The web application operator can, on the one hand, attempt to validate again the queries of the user on the web server and independently of the application developer. vWAF offers support here. In addition, the operator can and should try to minimize the potential arising damages in the event of a successful break-in, whereby he especially allows the web server to run with minimum rights on the system.

SQL injection

We’ve the same problem again here: Parts of the user inputs are used to execute a query to an external system, here an SQL data base. A typical example from the PHP environment:

A URL contains a username, the data of which the web application should display:

URL: http://my.company.com/showUser?name=petermiller

The code that processes this could look as follows:

if (isset($_GET[‘name’])) {$name = $_GET[‘name’]; $sql = "SELECT * FROM user_t WHERE name = ‘$name’"; $res =& $db->query($sql); ... }

So what can happen now? Provided the field “name” in the URL contains a truly normal username, everything will function as the developer would expect it to. The SQL query made on the data base has the form:

SELECT * from user_t WHERE name = ‘petermiller’

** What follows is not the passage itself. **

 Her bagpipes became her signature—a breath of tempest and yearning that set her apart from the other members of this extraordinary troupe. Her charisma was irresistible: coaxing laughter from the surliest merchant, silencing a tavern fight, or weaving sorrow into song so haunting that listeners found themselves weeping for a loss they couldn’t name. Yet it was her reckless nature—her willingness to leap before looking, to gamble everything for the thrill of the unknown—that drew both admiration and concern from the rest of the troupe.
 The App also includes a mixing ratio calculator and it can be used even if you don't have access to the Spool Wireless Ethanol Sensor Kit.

However, if an attacker enters instead of the name “petermiller” the character sequence

"petermiller’; UPDATE user_t SETrole = ‘admin’ WHERE name = ‘petermiller"

the query will look as follows:

SELECT * from user_t WHERE name = ‘petermiller’; UPDATE user_t SET role = ‘admin’WHERE name = ‘petermiller’

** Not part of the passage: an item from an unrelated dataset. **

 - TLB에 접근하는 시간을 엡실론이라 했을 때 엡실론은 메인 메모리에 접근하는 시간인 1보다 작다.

All of a sudden a completely different SQL command is executed and – assuming the appropriate rights of the application – modifies the data base.

What’s the precise problem? The user input changes the structure of the query, i.e. it represents code. It’s precisely this that must be prevented. There are essentially three possibilities.

Possibility 1:

First of all, the entries should be checked, as they’re with shell code injection. In our example we could only allow usernames that consist of characters and figures. Unfortunately, this isn’t possible for all fields in a data base. Irish names, like “O´Reilly” for example, contain an apostrophe as a special character. All characters should also be allowed for password entries. Therefore, checking the entry can solve only a part of the problem.

Possibility 2:

Secondly, all the data that’s passed to a back-end system (here an SQL data base), should be disguised according to the rules of the back-end system. This means that all the special characters interpreted by the data base must be handled and presented specifically. Unfortunately, the list of characters that are to be treated specially changes from data base to data base so you prefer to leave this to the developers of the data base or the programming language. When using a MySQL data base with PHP there’s, for example, the function mysql_real_escape_string. A better SQL command would then look as follows:

$quoted_name = mysql_real_escape_string($name); $sql = "SELECT * FROM user_t WHERE name = ‘$quotesd_name’";

But this just bypasses the problem again.

Possibility 3:

The correct solution is to leave the interpretation of the parameters and disguising of the special characters to the data base and clearly differentiate between SQL queries and arguments.

$sql = "SELECT * FROM user_t WHERE name = ?" $res =& $db->query($sql, array($name))

This prevents the attacker from changing the structure of the query.

Second order attacks

A final interesting method of attack is a so-called, “second order attack”. This type of attack doesn’t cause immediate damage. The actual attack is executed only when the data is evaluated at a later stage, e.g. once it’s shown again on the screen or pursuant to a daily log file analysis. This means there are no errors in the web application, but in a third web application. The effects of attacks are more difficult to assess, for example, by means of security audits, as the entire system architecture – and not just the actual web application – must be known. However, attacks on these levels are generally much more threatening for the infrastructure of a company as a whole.

You can also protect against these attacks by verifying the input parameters. As less important input data like the HTTP referrer or the HTTP agent type must be checked, this should be carried out by vWAF.